Plant remains are relatively rich, the scholars said, with a characteristic combination of domesticated wheat, barley, peas, lentils and chickpeas, along with other resources such as figs, almonds, pistachios, and a variety of “weeds”, some of which may have had specific uses among the residents of ‘Ain Ghazal.

“Samples from these areas have not yet been analysed, although the abundance of charred materials, on the basis of cursory field examination, indicates a wealth of cereals and pulses. The situation for the PPNC and Yarmoukian periods is disappointing, however, since identifiable plant remains were extremely rare in the float samples,” Rollefson said, adding that charcoal, which only occurred in a small number of scattered particles, shows an increase of  Tamarix representation, making it clear that animal dung was being used as fuel by the middle of the PPNC phase.

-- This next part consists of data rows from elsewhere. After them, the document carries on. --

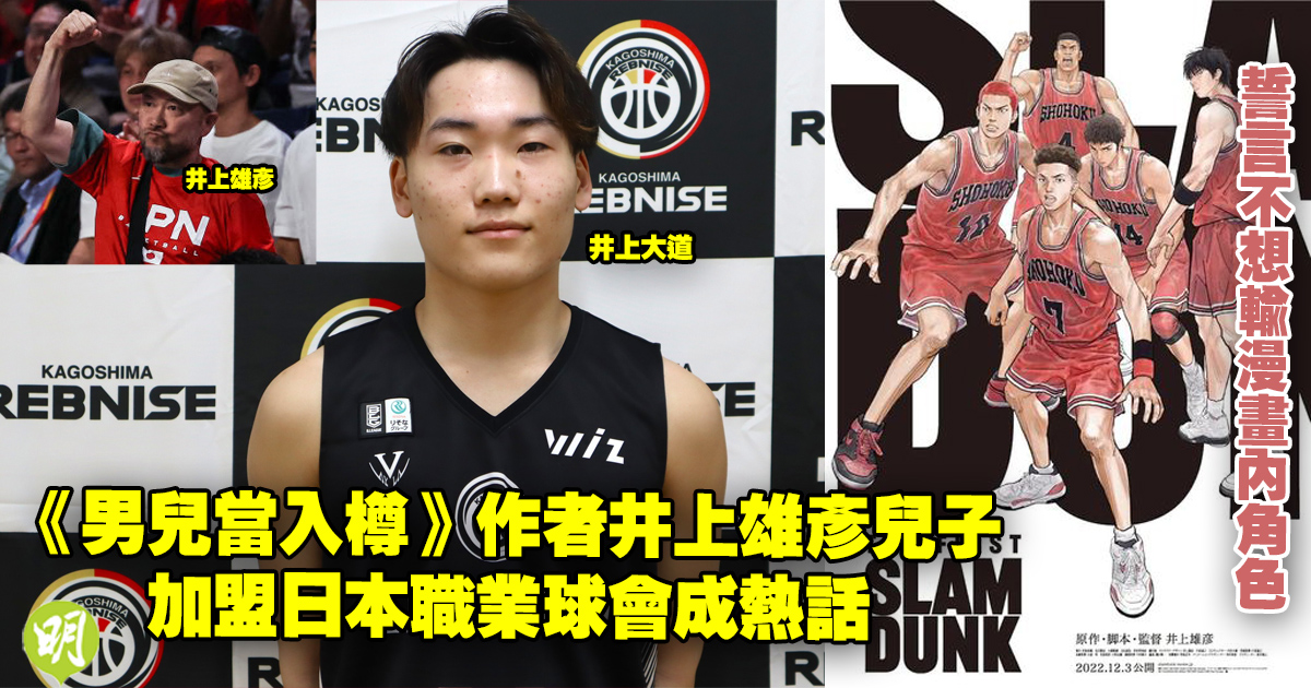 日本職籃B聯盟(B.LEAGUE)第2級球隊鹿兒島列布尼斯(鹿児島レブナイズ)前日(18日)宣布,以「特別指定球員」簽入著名動漫《男兒當入樽》(Slam Dunk)作者井上雄彥的19歲長子井上大道,合約預計直至今個賽季完結,這筆簽約亦立刻成為熱話。
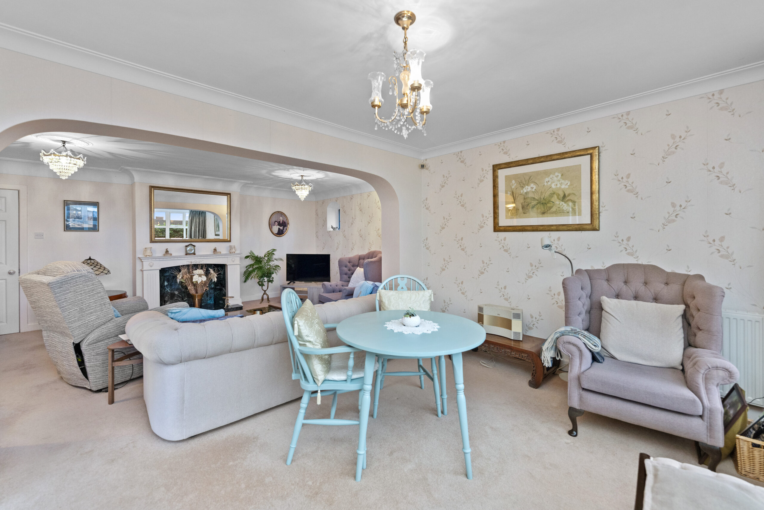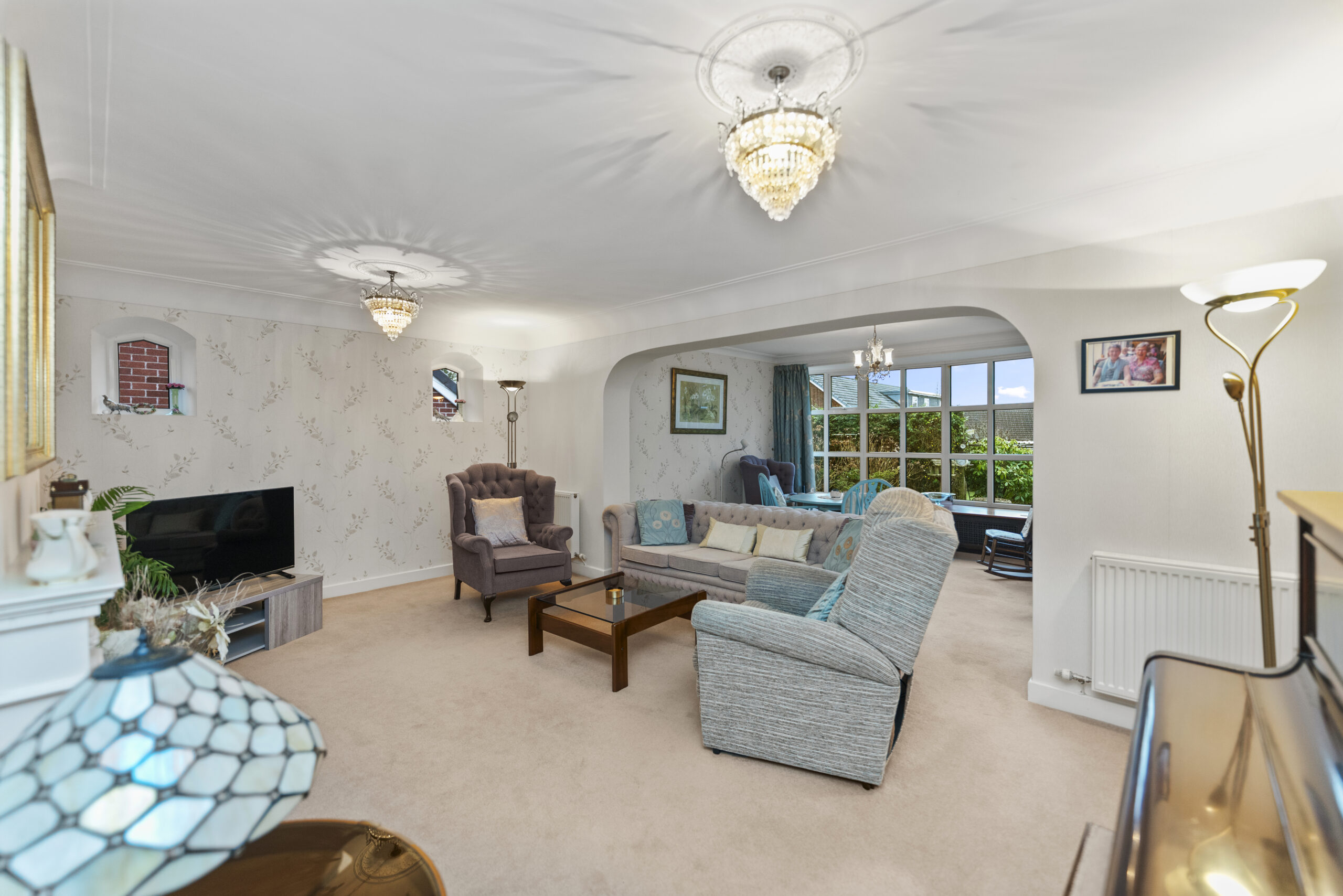 The welcoming entrance leads into a spacious open-plan lounge and sitting room, providing a versatile living area that is both bright and inviting, ideal for relaxing or entertaining guests.
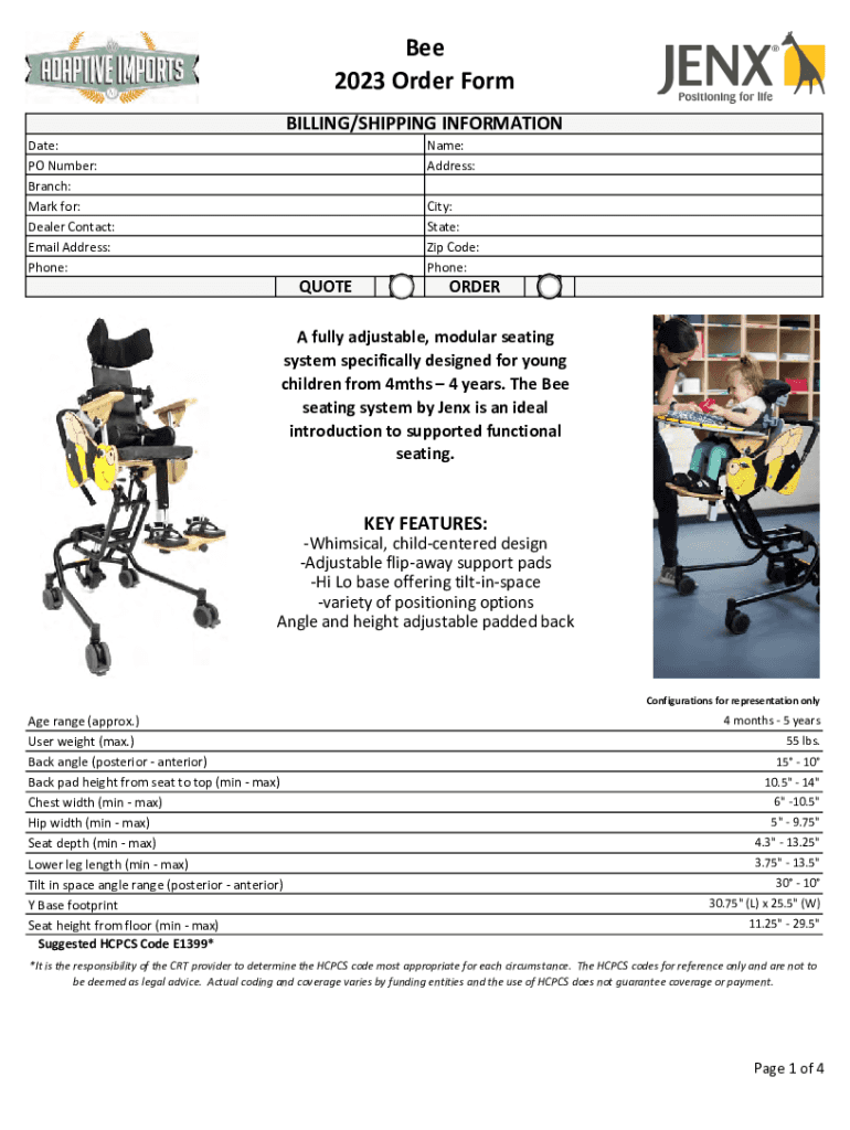 Bee 2023 Order Form BILLING/SHIPPING Informational: PO Number: Branch: Mark for: Dealer Contact: Email Address: Phone:Name: Address:Austerity: State: Zip Code: Phone:ORDER fully adjustable, modular
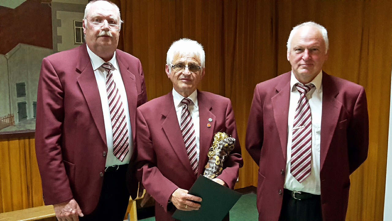 1. Vorsitzende Wilhelm Rummelsberger vom Männergesangverein „Eintracht“ Lardenbach/Klein-Eichen den langjährigen aktiven Sangesfreund Karlheinz Erdmann zum neuen Ehrenmitglied. Der bis heute aktive Sänger erhielt die Auszeichnung besonders wegen seiner seit dem 16.Januar 1988 aktiven Vereins- und Vorstandsarbeit. Seit dieser Zeit fungierte er bis zum 19. Februar 1994 als 2. Vorsitzender. Ab diesem Zeitpunkt leitete der auch in Lardenbach und in der Stadt Grünberg weitere Ehrenämter begleitende Erdmann als 1. Vorsitzender den Männergesangverein. Am 13. Februar 2015 übergab er den Vorsitz an seinen Nachfolger Rummelsberger. Dieser überreichte zusammen mit dem derzeitigen 2. Vorsitzenden Bernhard Sauer neben der entsprechenden Urkunde auch ein Präsent.
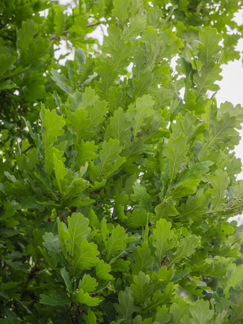 A clone produced vegetatively from Q. robur 'Fastigiata', with rough ascending branches that do not droop. This creates a closed columnar shape that later becomes narrow pyramidal but still remains well closed. Height approx. 10 - 15 m, breadth 3 - 6 m. The trunk usually branches low down and the bark is dark grey and, in old specimens, deeply grooved. Young twigs are reddish-brown. The variable leaves are obovate to elongated oval and a little larger than those of the species. They have 3 to 6 pairs of blunt lobes and emerge brownish-red in the spring. The ovoid acorns are grouped in twos to sixes and are a maximum of one-third enclosed in the cupule. 'Fastigiate Koster' is one of the best columnar oaks. 'Fastigiata Koster' stands up well to hard surfaces, making it an ideal tree for narrow avenues and streets.
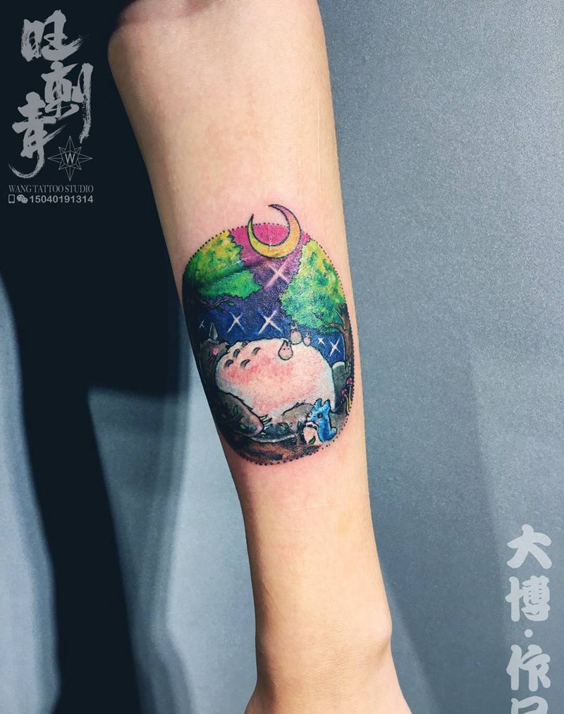 当前位置: 首页 >辽宁省沈阳市纹身店-旺刺青纹身工作室纹身图案>卡通龙猫纹身图片_成品手臂欧美清新植物动物纹身图案

Moreover, excavations have produced an enormous amount of chipped stone tools and debitage. However, they have not been able to completely classify this material, Kafafi said.

“Perhaps the most important conclusion to be drawn from the fieldwork is that the southern Levant did not suffer a complete evacuation at the end of the 7th millennium, nor did agriculture become untenable as a subsistence strategy, resulting in the abandonment of permanent farming villages across the region south of Damascus,” Rollefson concluded.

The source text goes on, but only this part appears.